Records for processing:
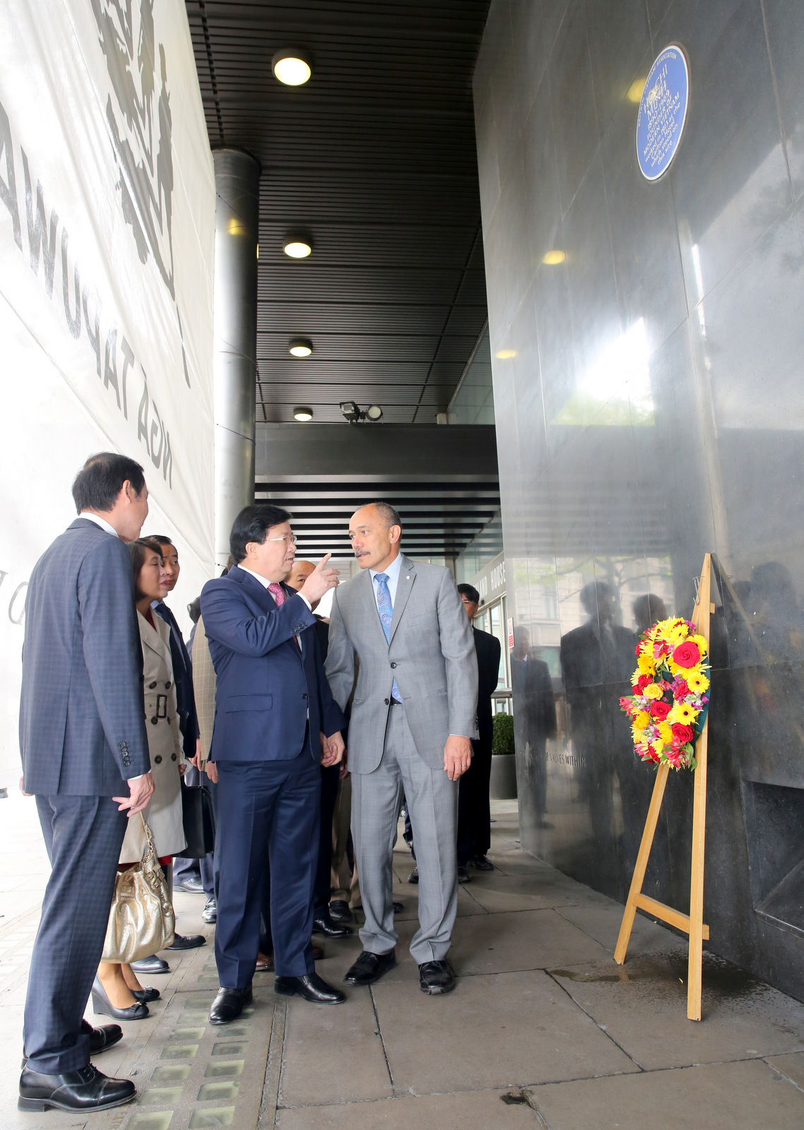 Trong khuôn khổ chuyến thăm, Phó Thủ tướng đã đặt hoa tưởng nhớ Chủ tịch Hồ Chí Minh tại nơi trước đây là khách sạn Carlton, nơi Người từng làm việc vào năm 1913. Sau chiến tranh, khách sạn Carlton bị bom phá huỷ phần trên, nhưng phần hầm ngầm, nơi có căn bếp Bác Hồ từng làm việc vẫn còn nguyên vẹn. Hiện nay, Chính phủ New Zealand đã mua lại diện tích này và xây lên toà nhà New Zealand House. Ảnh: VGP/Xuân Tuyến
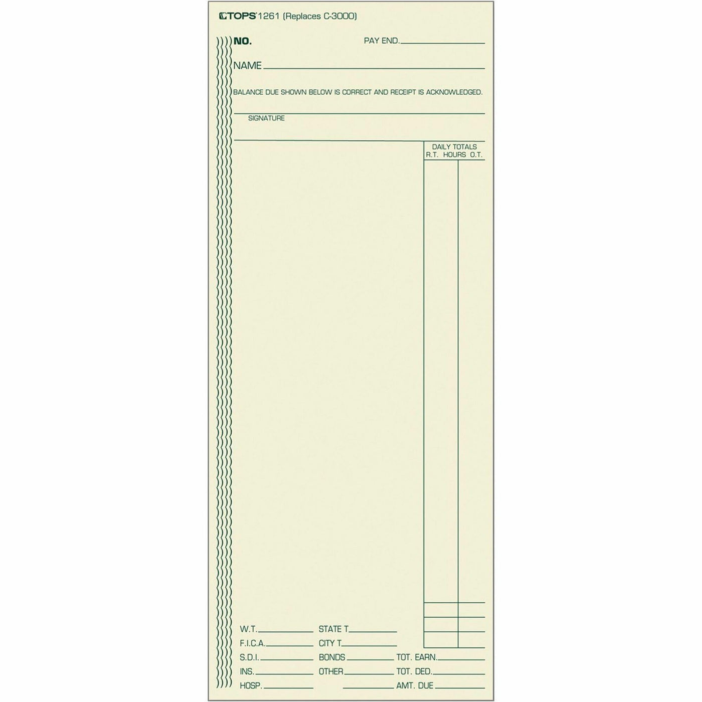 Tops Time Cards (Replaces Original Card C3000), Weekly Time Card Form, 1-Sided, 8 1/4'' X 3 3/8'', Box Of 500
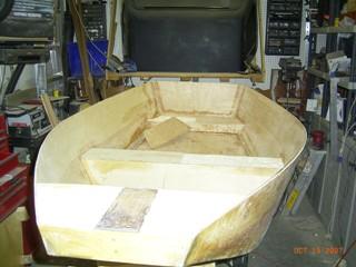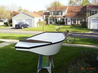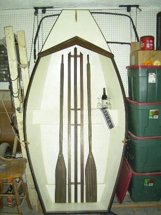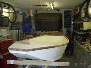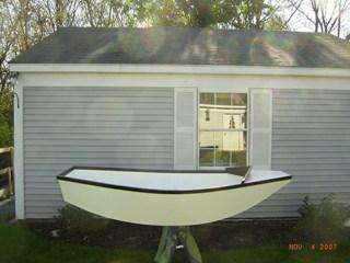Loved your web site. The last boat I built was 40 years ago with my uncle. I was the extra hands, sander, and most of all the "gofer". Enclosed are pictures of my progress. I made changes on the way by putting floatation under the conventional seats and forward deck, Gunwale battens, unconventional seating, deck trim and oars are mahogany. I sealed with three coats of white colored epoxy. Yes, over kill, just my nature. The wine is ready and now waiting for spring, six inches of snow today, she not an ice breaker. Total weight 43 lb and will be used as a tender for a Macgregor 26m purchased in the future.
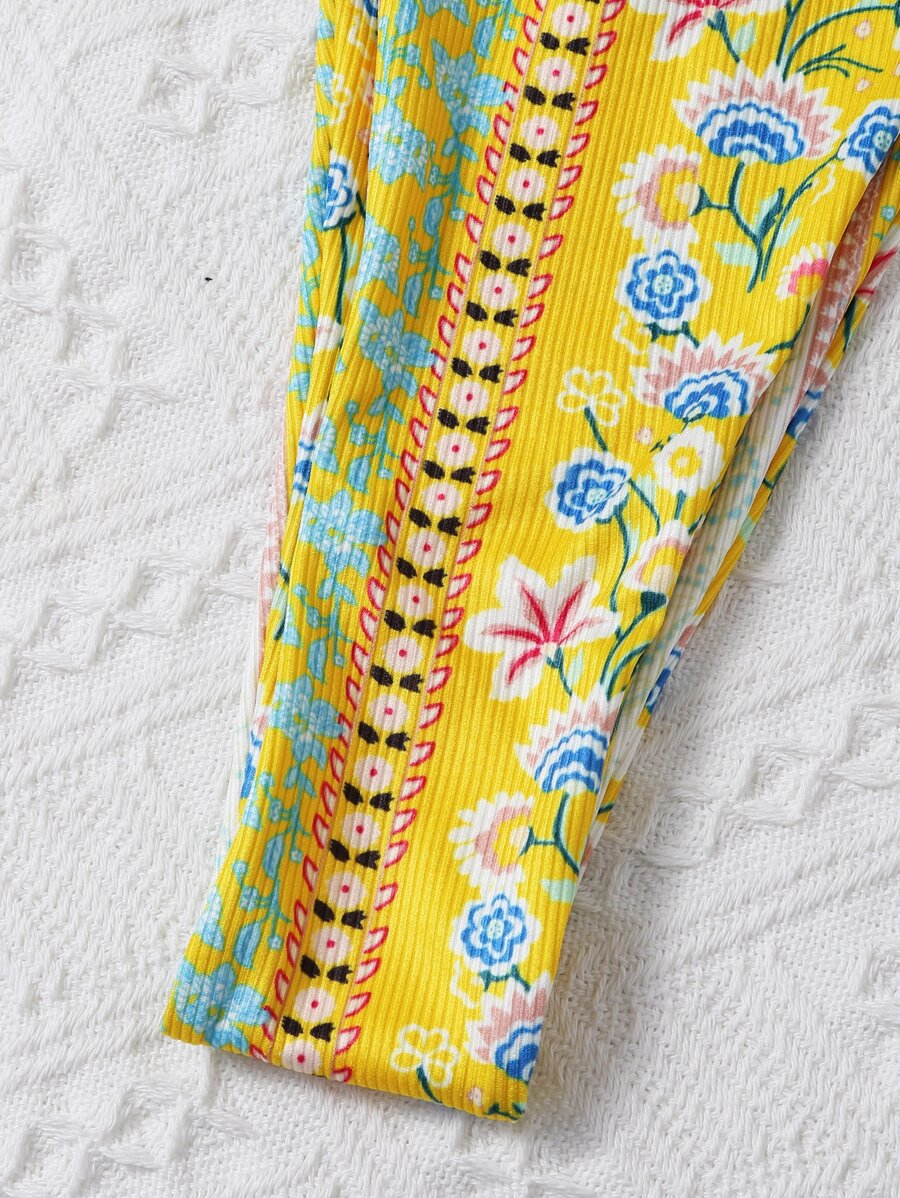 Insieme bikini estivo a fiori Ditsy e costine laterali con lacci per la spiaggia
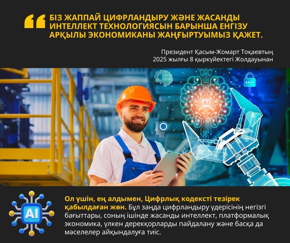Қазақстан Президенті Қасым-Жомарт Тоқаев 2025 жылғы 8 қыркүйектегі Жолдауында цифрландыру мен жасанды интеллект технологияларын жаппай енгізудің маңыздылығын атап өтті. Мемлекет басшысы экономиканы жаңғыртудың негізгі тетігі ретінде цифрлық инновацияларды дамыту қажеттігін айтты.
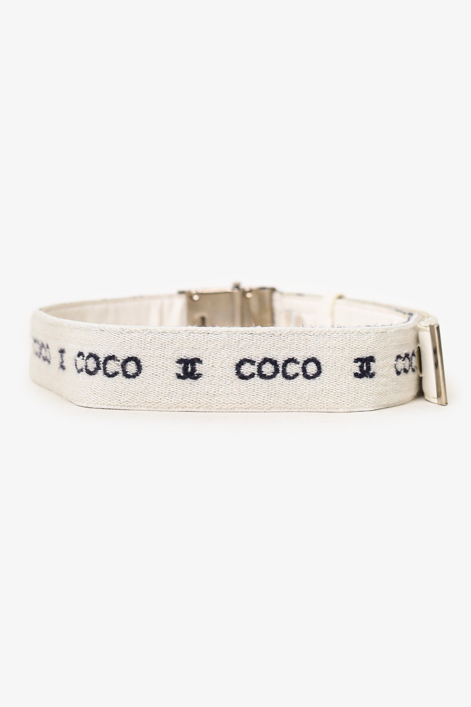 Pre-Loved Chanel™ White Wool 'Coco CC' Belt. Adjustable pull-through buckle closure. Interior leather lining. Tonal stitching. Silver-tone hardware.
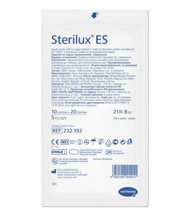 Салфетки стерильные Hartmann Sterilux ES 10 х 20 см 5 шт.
---
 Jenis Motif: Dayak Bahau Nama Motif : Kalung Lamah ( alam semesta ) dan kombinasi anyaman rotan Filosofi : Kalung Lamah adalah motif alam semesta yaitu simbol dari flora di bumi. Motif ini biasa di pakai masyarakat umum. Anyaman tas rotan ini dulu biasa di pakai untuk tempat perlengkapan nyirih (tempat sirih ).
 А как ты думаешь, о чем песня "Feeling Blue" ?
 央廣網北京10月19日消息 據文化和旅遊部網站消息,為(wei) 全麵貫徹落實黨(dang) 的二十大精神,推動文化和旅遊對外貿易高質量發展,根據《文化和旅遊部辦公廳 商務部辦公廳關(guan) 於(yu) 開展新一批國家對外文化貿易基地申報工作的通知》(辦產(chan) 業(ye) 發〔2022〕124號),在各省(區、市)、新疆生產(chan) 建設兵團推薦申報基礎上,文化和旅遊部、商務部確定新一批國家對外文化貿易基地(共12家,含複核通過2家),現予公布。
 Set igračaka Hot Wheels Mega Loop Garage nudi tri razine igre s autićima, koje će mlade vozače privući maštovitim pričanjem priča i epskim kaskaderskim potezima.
...
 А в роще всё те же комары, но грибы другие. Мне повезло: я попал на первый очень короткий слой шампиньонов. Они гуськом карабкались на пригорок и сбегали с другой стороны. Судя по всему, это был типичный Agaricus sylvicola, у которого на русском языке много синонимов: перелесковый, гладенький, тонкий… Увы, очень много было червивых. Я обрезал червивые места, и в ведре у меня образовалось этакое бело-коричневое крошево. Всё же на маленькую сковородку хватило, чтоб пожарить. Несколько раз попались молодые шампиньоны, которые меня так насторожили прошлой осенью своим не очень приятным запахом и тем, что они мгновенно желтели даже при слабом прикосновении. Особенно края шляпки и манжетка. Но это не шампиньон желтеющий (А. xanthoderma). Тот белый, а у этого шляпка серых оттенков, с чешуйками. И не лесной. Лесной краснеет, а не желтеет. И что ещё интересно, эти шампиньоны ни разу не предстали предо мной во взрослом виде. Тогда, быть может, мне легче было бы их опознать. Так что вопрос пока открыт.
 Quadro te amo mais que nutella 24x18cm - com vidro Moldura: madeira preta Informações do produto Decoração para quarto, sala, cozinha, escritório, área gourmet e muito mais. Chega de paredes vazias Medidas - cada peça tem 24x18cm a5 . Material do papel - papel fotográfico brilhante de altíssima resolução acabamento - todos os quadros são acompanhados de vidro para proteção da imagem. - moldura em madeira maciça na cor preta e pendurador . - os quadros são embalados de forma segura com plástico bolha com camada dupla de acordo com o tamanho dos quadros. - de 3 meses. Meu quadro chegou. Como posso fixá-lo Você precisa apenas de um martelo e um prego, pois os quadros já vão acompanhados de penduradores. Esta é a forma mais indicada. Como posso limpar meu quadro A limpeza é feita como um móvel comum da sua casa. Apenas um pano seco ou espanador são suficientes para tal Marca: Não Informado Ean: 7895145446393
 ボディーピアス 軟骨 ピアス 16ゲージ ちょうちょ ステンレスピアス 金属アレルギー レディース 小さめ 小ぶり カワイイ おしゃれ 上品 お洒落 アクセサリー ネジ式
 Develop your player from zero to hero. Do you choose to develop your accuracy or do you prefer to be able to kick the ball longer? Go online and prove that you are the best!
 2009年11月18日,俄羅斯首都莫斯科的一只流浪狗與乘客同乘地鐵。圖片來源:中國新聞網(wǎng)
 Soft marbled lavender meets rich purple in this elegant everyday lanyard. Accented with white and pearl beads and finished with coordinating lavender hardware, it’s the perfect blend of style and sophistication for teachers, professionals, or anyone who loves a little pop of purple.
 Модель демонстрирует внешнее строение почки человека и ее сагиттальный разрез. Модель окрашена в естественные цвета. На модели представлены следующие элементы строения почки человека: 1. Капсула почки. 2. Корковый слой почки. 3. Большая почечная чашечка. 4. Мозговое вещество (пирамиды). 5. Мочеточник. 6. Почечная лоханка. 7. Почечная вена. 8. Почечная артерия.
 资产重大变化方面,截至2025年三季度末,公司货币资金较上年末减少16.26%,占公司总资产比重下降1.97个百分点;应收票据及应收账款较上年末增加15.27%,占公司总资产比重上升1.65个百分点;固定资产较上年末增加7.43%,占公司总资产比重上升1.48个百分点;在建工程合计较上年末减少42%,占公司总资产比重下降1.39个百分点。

Task description: In the listing above, find the line with "央廣網北京10月19日消息 據文化和旅遊部網站消息,為(wei) 全麵貫徹落實黨(dang)" and the line with "Set igračaka Hot", then reproduce both and every line between them exactly.

Response below:
 央廣網北京10月19日消息 據文化和旅遊部網站消息,為(wei) 全麵貫徹落實黨(dang) 的二十大精神,推動文化和旅遊對外貿易高質量發展,根據《文化和旅遊部辦公廳 商務部辦公廳關(guan) 於(yu) 開展新一批國家對外文化貿易基地申報工作的通知》(辦產(chan) 業(ye) 發〔2022〕124號),在各省(區、市)、新疆生產(chan) 建設兵團推薦申報基礎上,文化和旅遊部、商務部確定新一批國家對外文化貿易基地(共12家,含複核通過2家),現予公布。
 Set igračaka Hot Wheels Mega Loop Garage nudi tri razine igre s autićima, koje će mlade vozače privući maštovitim pričanjem priča i epskim kaskaderskim potezima.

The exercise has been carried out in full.